リビングの生活感を隠す収納ばかりで、疲れてませんか?

隠す収納ばかりで、疲れてませんか?
〜“見せない収納”の落とし穴と、暮らしが整う本当の工夫〜
今日は「収納」について、あえて少し立ち止まって考えてみたいと思います。
家づくりのご相談を受けていると、「とにかく収納を多くしてほしい」「生活感が見えない家にしたい」というご要望をよくいただきます。
もちろん、その気持ちはよくわかります。SNSで見るおしゃれな家、モデルハウスのような生活感ゼロの空間は、やっぱり憧れますよね。
でも、ちょっと思い返してみてください。
その「隠すこと」「見せないこと」、実は自分を追い詰めていませんか?
■ どんどん増える“隠すための努力”

最近は「パントリーを大容量に」「とにかく物が見えないように」といった収納計画が主流になっています。
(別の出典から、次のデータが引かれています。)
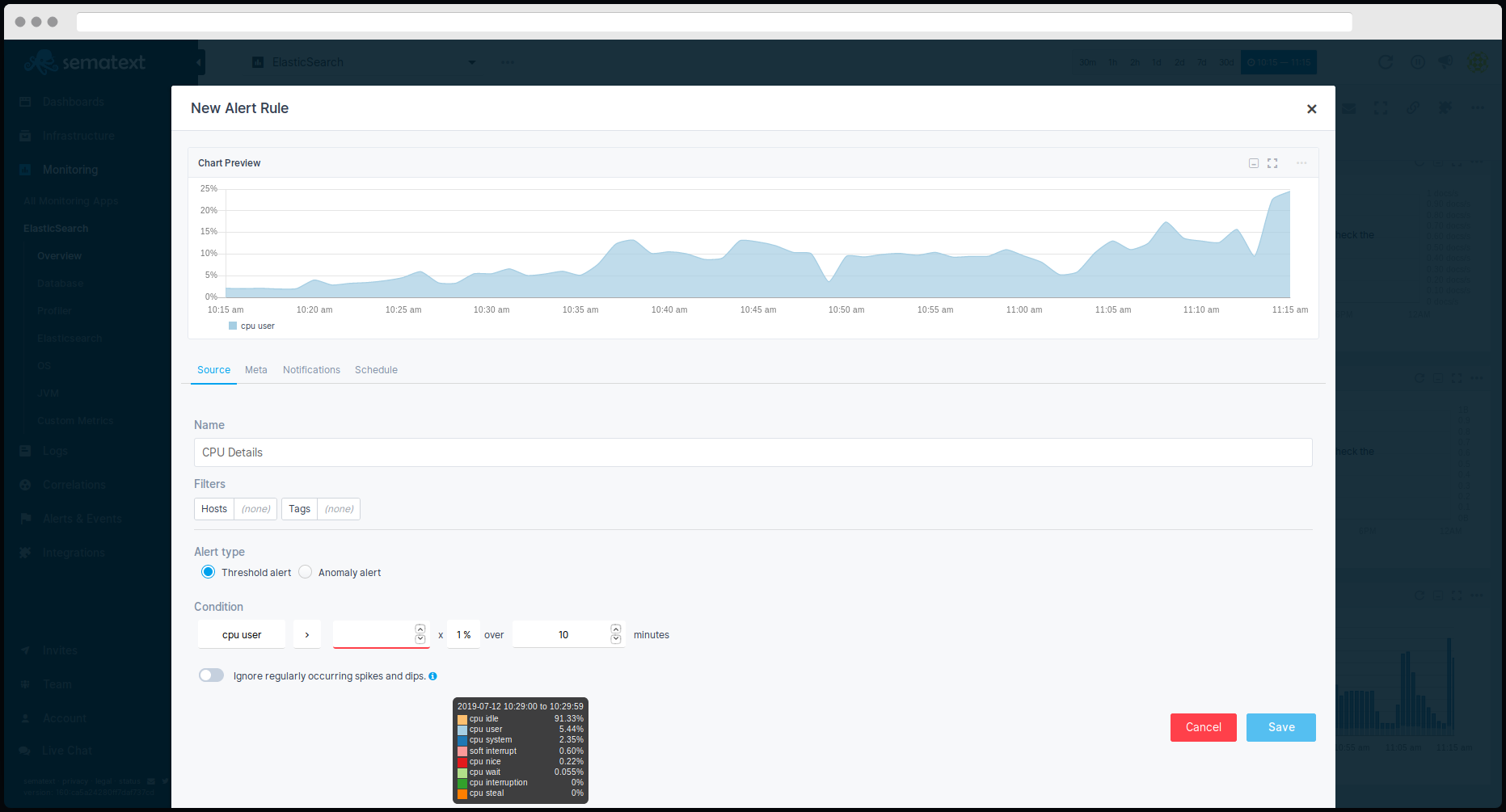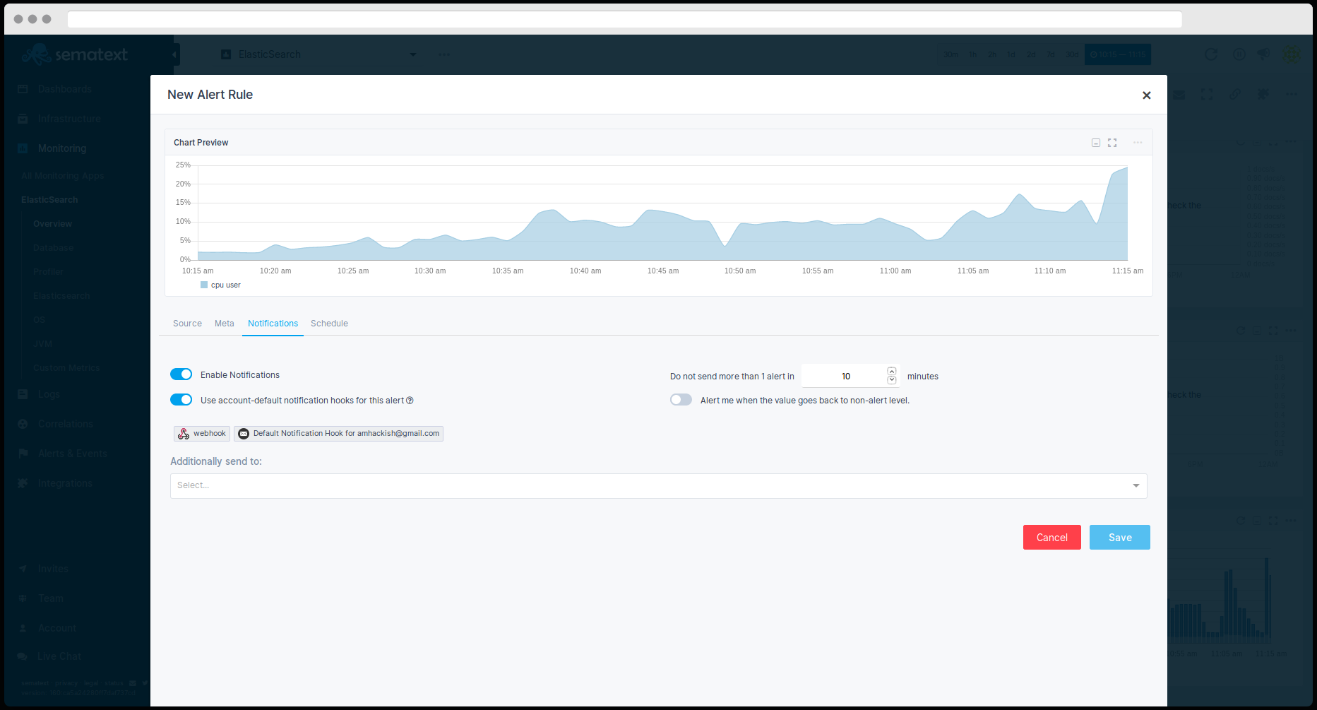 You can also use Alert Rules to custom route specific Sematext alerts to specific users, teams or escalation policies, write suppression rules, auto add notes, responders and incident tasks.

けれど実際に暮らしが始まってみると、「しまうのが面倒」「どこに何をしまったか分からない」「片づける場所が遠くてつい出しっぱなし」そんな声もよく聞きます。
隠す収納が増えるほど、生活はむしろ複雑になることもあるんです。
- 収納場所にたどり着くまでに数歩かかる
- 収納の中がごちゃついていて、見つからない
- しまったまま存在を忘れて、同じものをまた買う
このあたりに心当たりがある方は、「隠す=正解」と思い込みすぎているかもしれません。
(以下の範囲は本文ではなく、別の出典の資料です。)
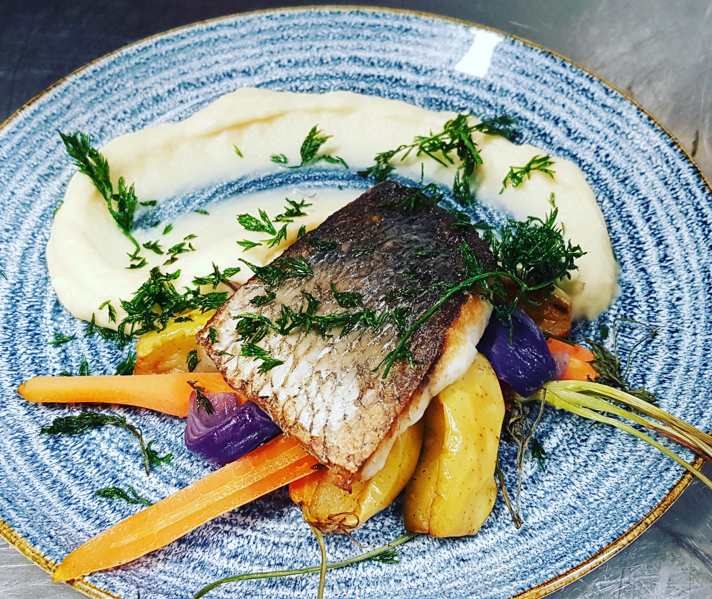 Filet de julienne, mousseline de céleri raves chips de panais et velouté de cresson. Charlotte d épaule d agneau confite caviar d aubergine et coulis de poivrons rouge. Dos de maigre grillé sur peau légume de saison et mousseline de panais.

■ “見せる収納”や“ざっくり収納”も取り入れてみる

すべてを隠そうとしなくていい。
少しくらい見えていても、「整っていればそれで十分」と思えると、気持ちがふっと軽くなります。
たとえばこんな工夫はいかがでしょう?
- よく使うものは、あえてオープン棚に見せて収納
- リビングの一角に“ざっくり収納”のカゴを置く
- 子どものおもちゃはしまい込まず、出しやすく・戻しやすく配置
すべてを“美しく整える”ことより、“無理なく続けられる収納”の方が、暮らしには向いていると思います。
■ まとめ:暮らしの「素」をちょっとだけ許してあげる

「生活感が出るのがイヤ」「雑然として見えるのがイヤ」
その気持ちはすごくよく分かります。でも、家って本来、暮らす場所です。
モノがあって当然。使ったら出るし、疲れてる日は片づかなくても仕方ない。
隠す収納ばかりを追い求めると、「理想の暮らし」に自分の生活がついていかなくなってしまうこともあります。
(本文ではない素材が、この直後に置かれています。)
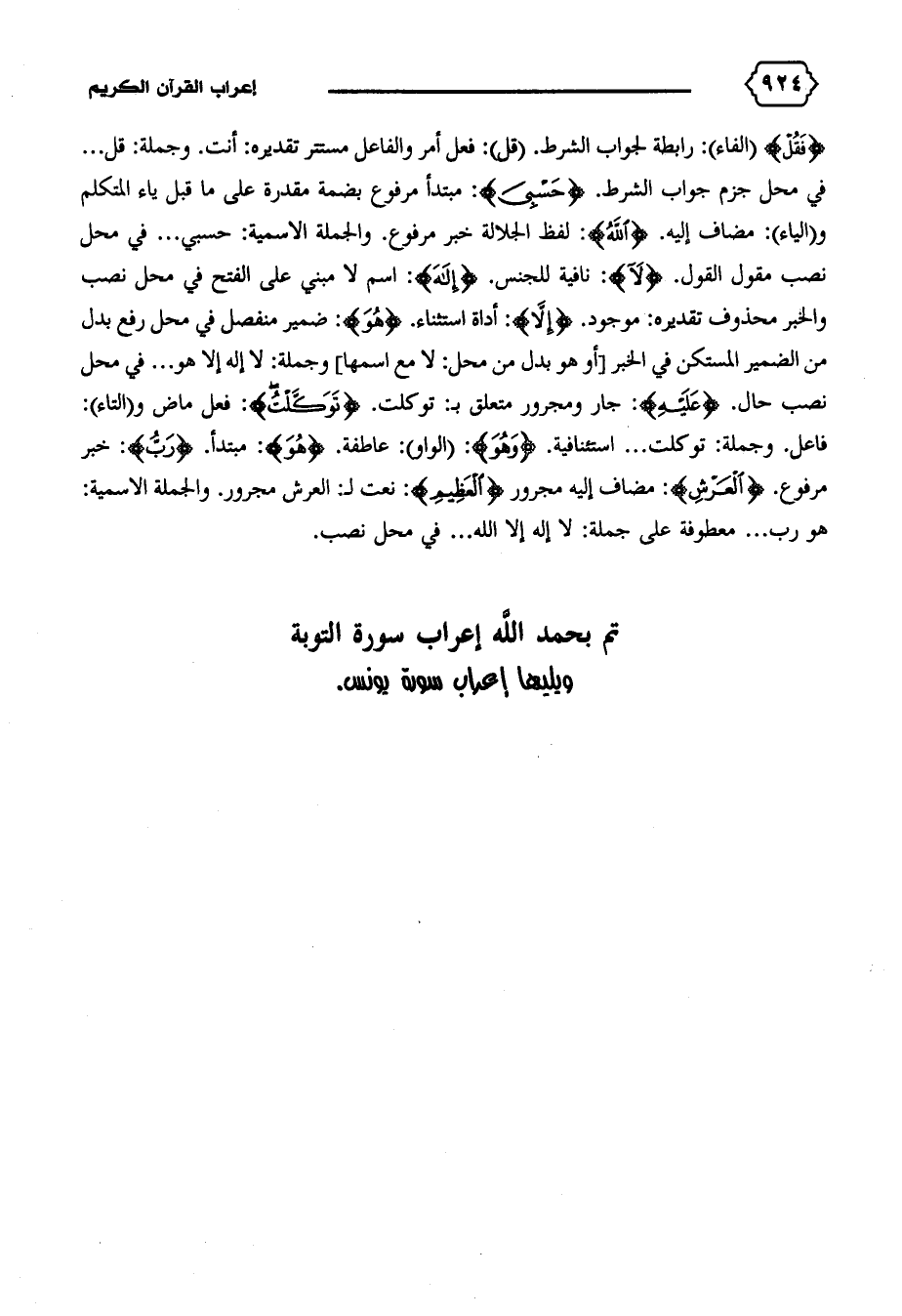 تم بحمد الله إعراب سورة التوبة ويليها إعراب سورة يونس.

だからこそ私は、「ちょっとだけ見せる」「ちょっとだけ甘える」そんな余白のある収納を、家づくりに取り入れることをおすすめしています。
それだけで、不思議と家全体が“人にやさしく”なるんです。
疲れない家は、完璧な家ではなく、“ゆるく続けられる家”。
もし、最近片づけがしんどいなと感じていたら、
「隠すこと」が目的になっていないか、一度立ち止まってみてください。